> **DATASET EXCERPT**
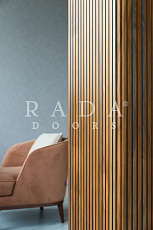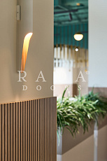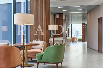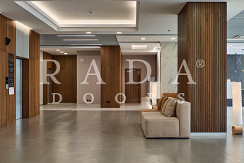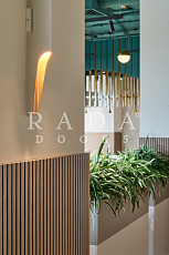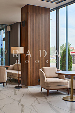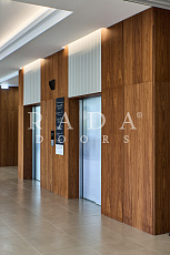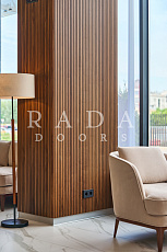 - Стеновые панели Volume в шпоне американский орех и с покрытием матовой эмалью обрамляют лифтовые порталы и акцентную стену за стойкой ресепшен;
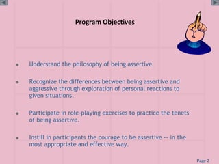 The document outlines the objectives and importance of assertiveness, defining it as an honest and direct expression of one's feelings while recognizing the differences between assertive and aggressive behaviors. It provides self-assessment questions to gauge assertiveness and dispels common myths, emphasizing individual rights and effective communication techniques. Additionally, it offers practical tips for conveying assertive attitudes, such as maintaining eye contact and using a firm voice.
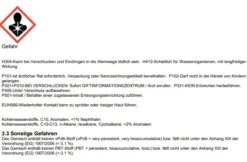 EUH066 Wiederholter Kontakt kann zu spröder oder rissiger Haut führen.
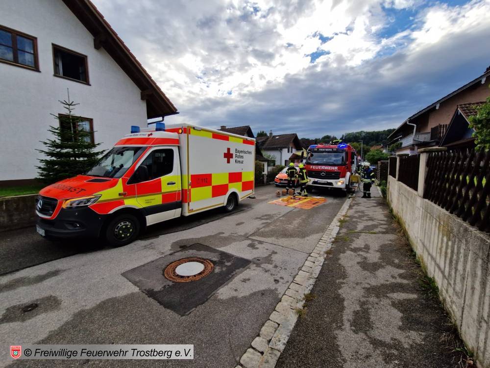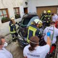 Person in Einfahrt unter PKW Türe eingeklemmt. Person befreit und dem Rettungsdienst übergeben.

> **EXERCISE DIRECTIONS**
Transcribe all of the data above verbatim but omit every picture.

> **TASK SOLUTION**
 - Стеновые панели Volume в шпоне американский орех и с покрытием матовой эмалью обрамляют лифтовые порталы и акцентную стену за стойкой ресепшен;
 The document outlines the objectives and importance of assertiveness, defining it as an honest and direct expression of one's feelings while recognizing the differences between assertive and aggressive behaviors. It provides self-assessment questions to gauge assertiveness and dispels common myths, emphasizing individual rights and effective communication techniques. Additionally, it offers practical tips for conveying assertive attitudes, such as maintaining eye contact and using a firm voice.
 EUH066 Wiederholter Kontakt kann zu spröder oder rissiger Haut führen.
 Person in Einfahrt unter PKW Türe eingeklemmt. Person befreit und dem Rettungsdienst übergeben.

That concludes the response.